**Work request:**
Please retype the records below exactly as they appear, leaving out every picture.
Supplied material below:
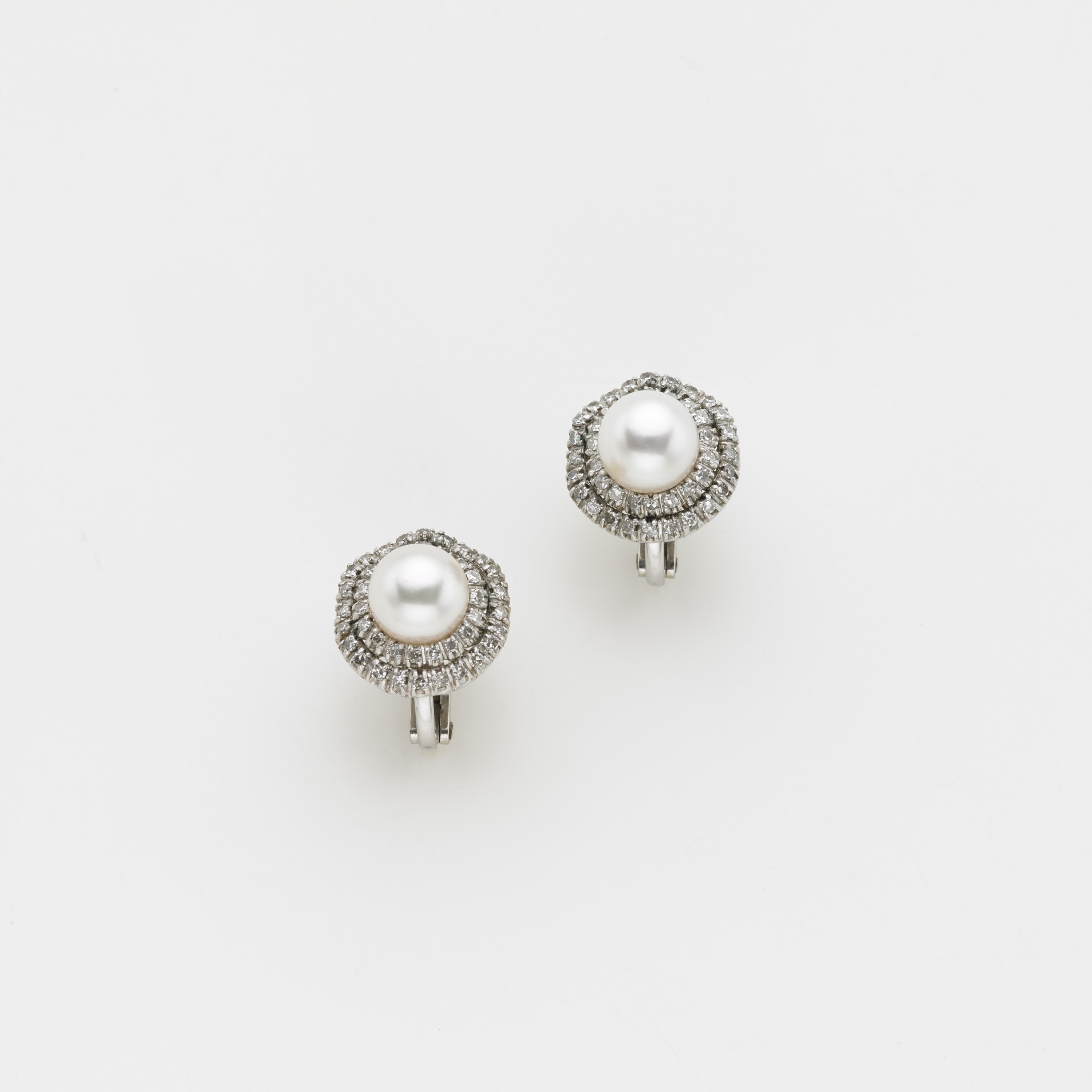 Orecchini in oro bianco a lobo con clips e due giri di diamanti a contornare due perle coltivate bianche mm 8/8,50 g. 9,90 White gold cultured pearl ear-clips with diamond surround
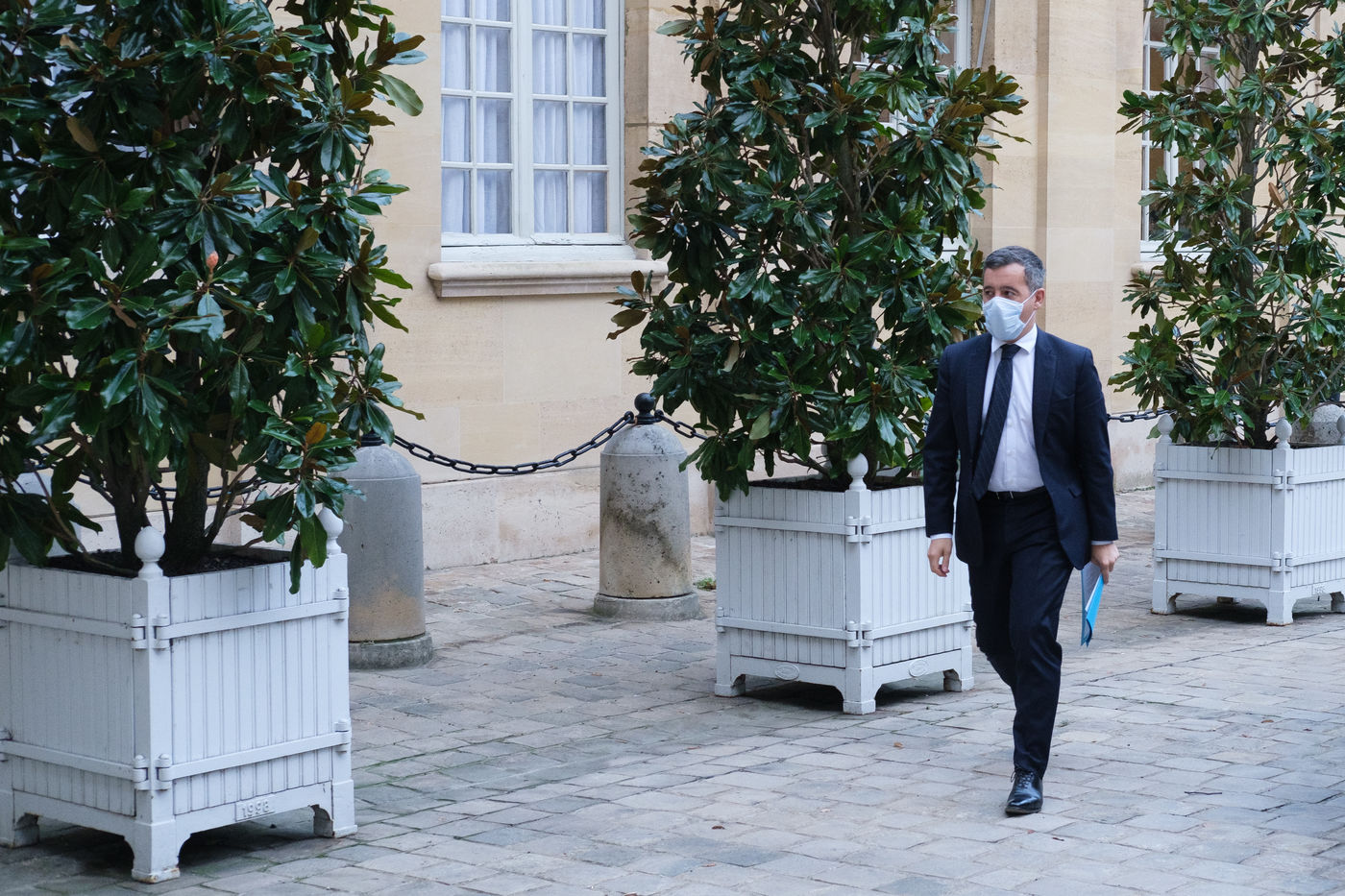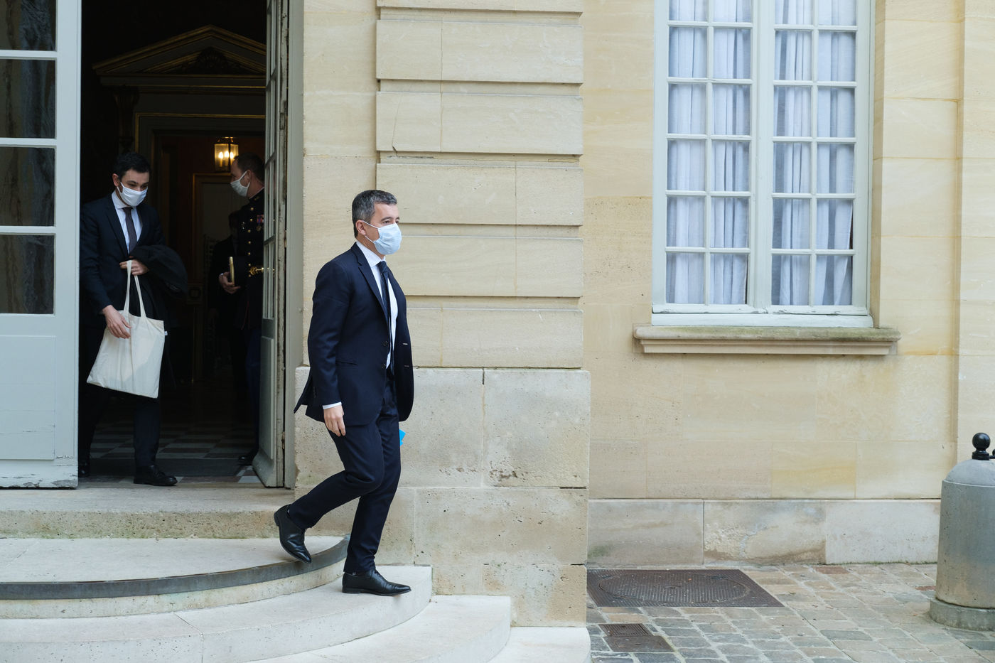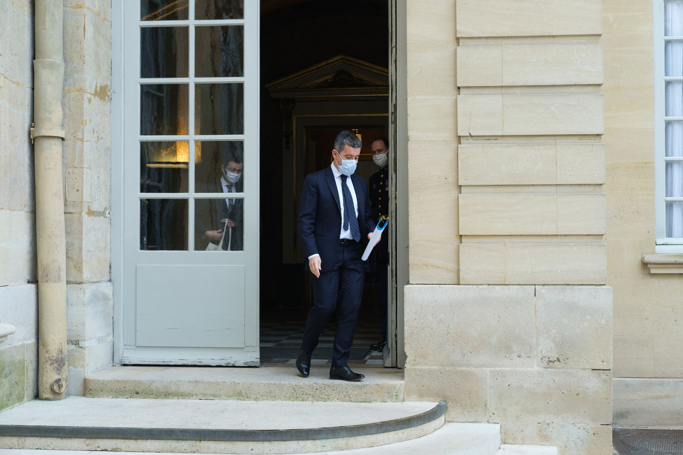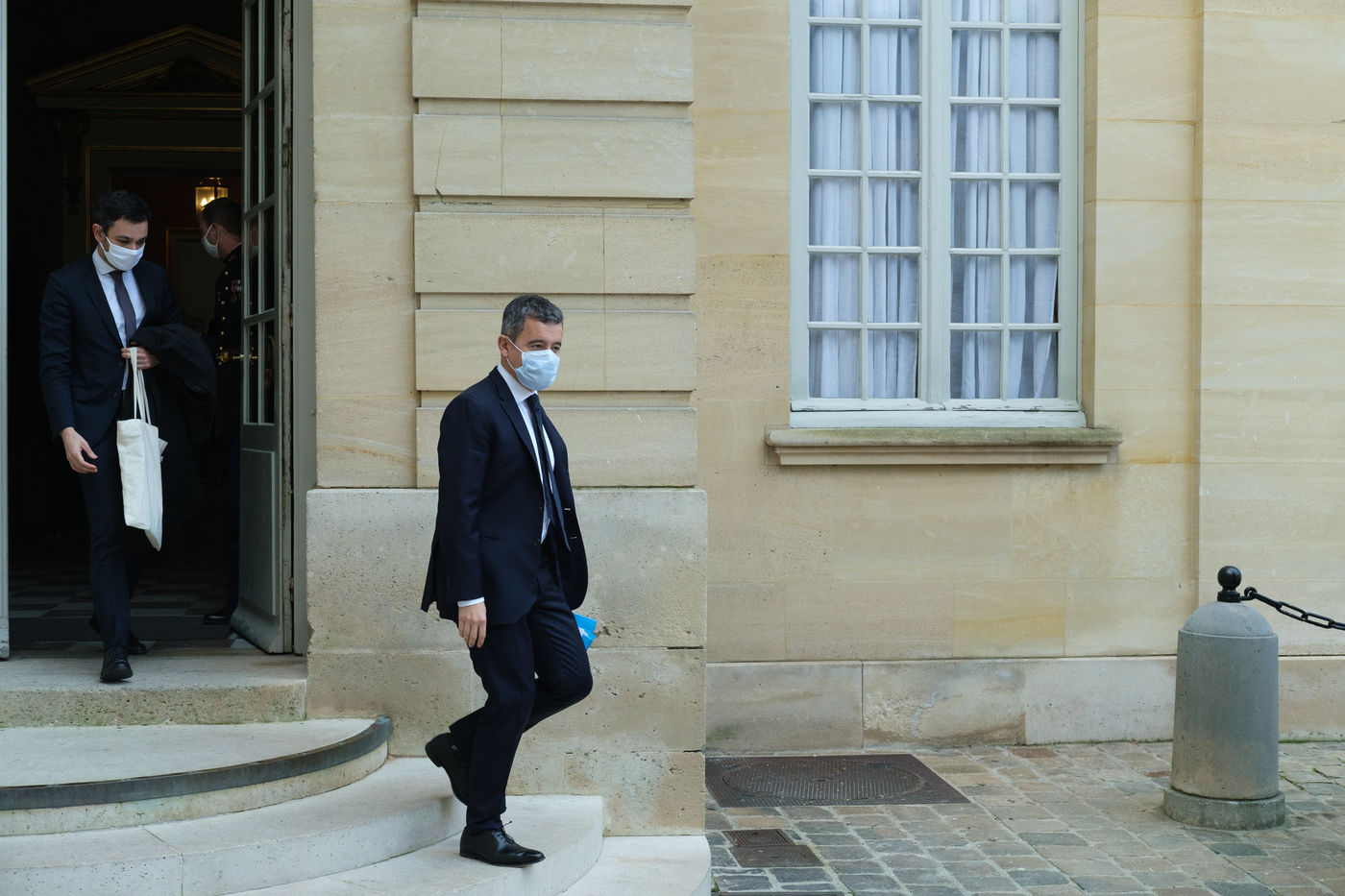 Photos of Gérald Darmanin, Minister of the Interior, and Gabriel ATTAL, Secretary of State to the Prime Minister, Government Spokesman, at the entrance and exit of the meeting.
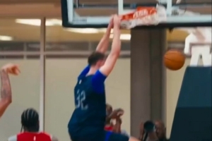 訓(xùn)練當(dāng)中,濃眉持球背轉(zhuǎn)身遭遇兩人包夾,與弗拉格打出精妙高低位配合,后者得球暴扣終結(jié)。
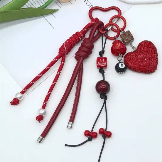 Dipped Shop - Wholesale Keychain - Women's - Cute Leather Heart Braided Keychain Bag Charm DP257653
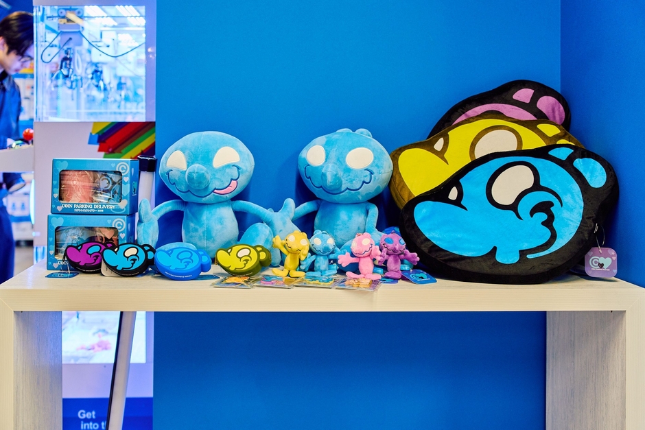 本イベントでは、BIGぬいぐるみ、マスコットぬいぐるみ、フェイスクッション、ラバーマスコット、ミニフィギュア、シリコンポーチ、ステンレスタンブラーセットの計7点の限定コラボグッズを展示しました。特に「白井さん」のBIGぬいぐるみは、来場者から大変好評を博し、即時完売となりました。また、COIN PARKING DELIVERYデザインの特別仕様クレーンゲームがGiGO渋谷とGiGO大阪道頓堀本店に設置されています。さらに、COIN PARKING DELIVERYがデザインしたスタイリッシュなゲーム機が多数登場し、アートとゲームが融合した世界観を提供しました。
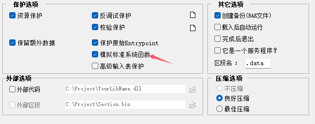模拟标准系统函数,不知是何意?分析勾选了此选项的被保护程序时,并未遇到显著的障碍。
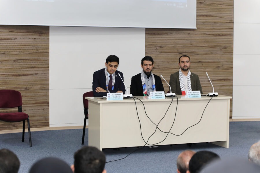Konferans, TOGÜ İslami İlimler Fakültesi Konferans Salonu’nda gerçekleştirildi. Programda, Kudüs Hukuk Derneği Avukatı Mustafa Eminoğlu ile Filistinli gazeteci Dr. Zahir Beyoğlu konuşmacı olarak yer aldı.
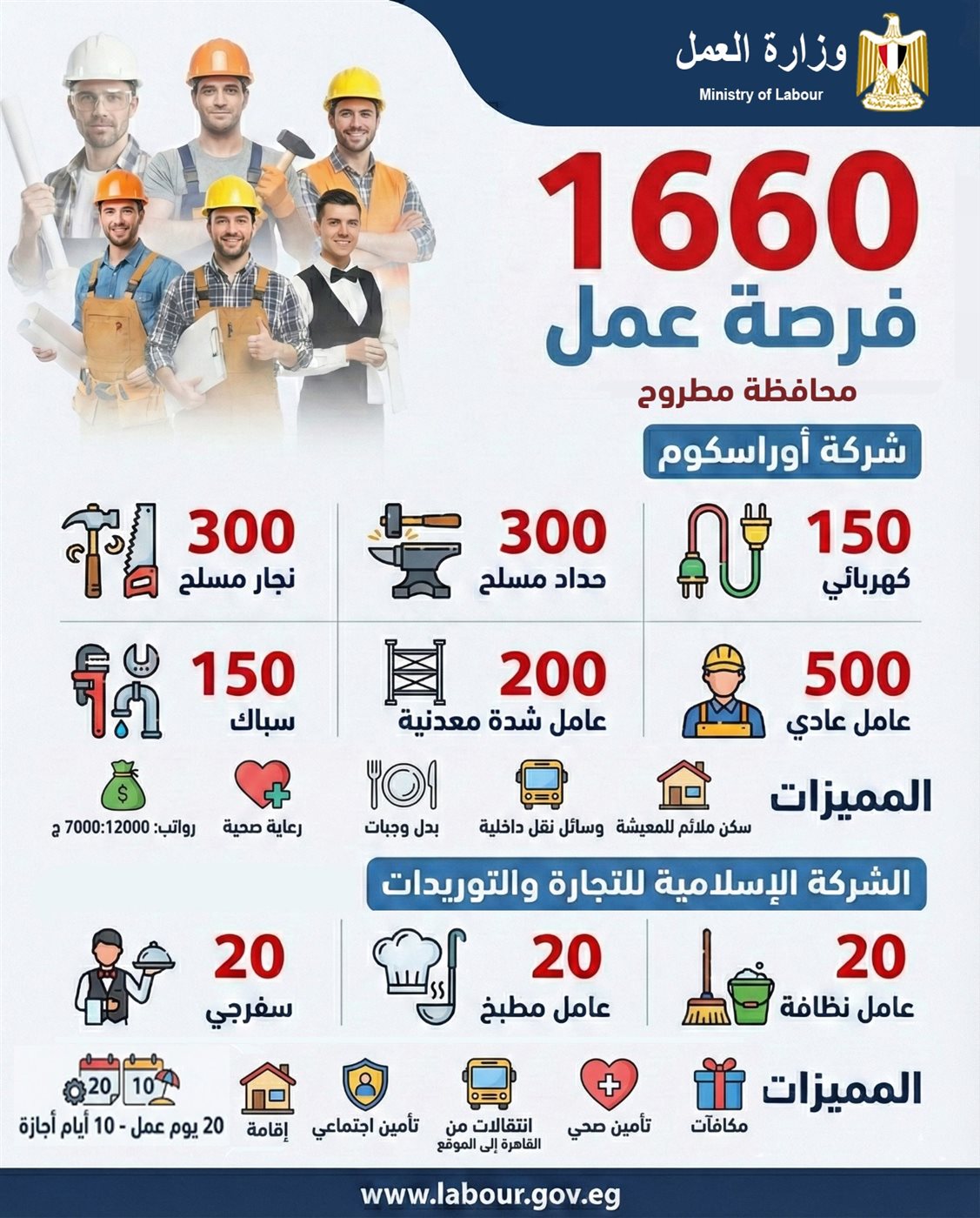أعلنت وزارة العمل، بالتعاون مع مديرية عمل مطروح، عن توافر عدد 1660 فرصة عمل في مجالات متعددة للعمل بشركتي أوراسكوم والشركة الإسلامية للتجارة والتوريدات، وذلك في إطار تنفيذ توجيهات وزير العمل محمد جبران، بتوفير فرص عمل لائقة للشباب ودعم سوق العمل.
End of Supplied material.
**Response to the task:**
 Orecchini in oro bianco a lobo con clips e due giri di diamanti a contornare due perle coltivate bianche mm 8/8,50 g. 9,90 White gold cultured pearl ear-clips with diamond surround
 Photos of Gérald Darmanin, Minister of the Interior, and Gabriel ATTAL, Secretary of State to the Prime Minister, Government Spokesman, at the entrance and exit of the meeting.
 訓(xùn)練當(dāng)中,濃眉持球背轉(zhuǎn)身遭遇兩人包夾,與弗拉格打出精妙高低位配合,后者得球暴扣終結(jié)。
 Dipped Shop - Wholesale Keychain - Women's - Cute Leather Heart Braided Keychain Bag Charm DP257653
 本イベントでは、BIGぬいぐるみ、マスコットぬいぐるみ、フェイスクッション、ラバーマスコット、ミニフィギュア、シリコンポーチ、ステンレスタンブラーセットの計7点の限定コラボグッズを展示しました。特に「白井さん」のBIGぬいぐるみは、来場者から大変好評を博し、即時完売となりました。また、COIN PARKING DELIVERYデザインの特別仕様クレーンゲームがGiGO渋谷とGiGO大阪道頓堀本店に設置されています。さらに、COIN PARKING DELIVERYがデザインしたスタイリッシュなゲーム機が多数登場し、アートとゲームが融合した世界観を提供しました。
模拟标准系统函数,不知是何意?分析勾选了此选项的被保护程序时,并未遇到显著的障碍。
Konferans, TOGÜ İslami İlimler Fakültesi Konferans Salonu’nda gerçekleştirildi. Programda, Kudüs Hukuk Derneği Avukatı Mustafa Eminoğlu ile Filistinli gazeteci Dr. Zahir Beyoğlu konuşmacı olarak yer aldı.
أعلنت وزارة العمل، بالتعاون مع مديرية عمل مطروح، عن توافر عدد 1660 فرصة عمل في مجالات متعددة للعمل بشركتي أوراسكوم والشركة الإسلامية للتجارة والتوريدات، وذلك في إطار تنفيذ توجيهات وزير العمل محمد جبران، بتوفير فرص عمل لائقة للشباب ودعم سوق العمل.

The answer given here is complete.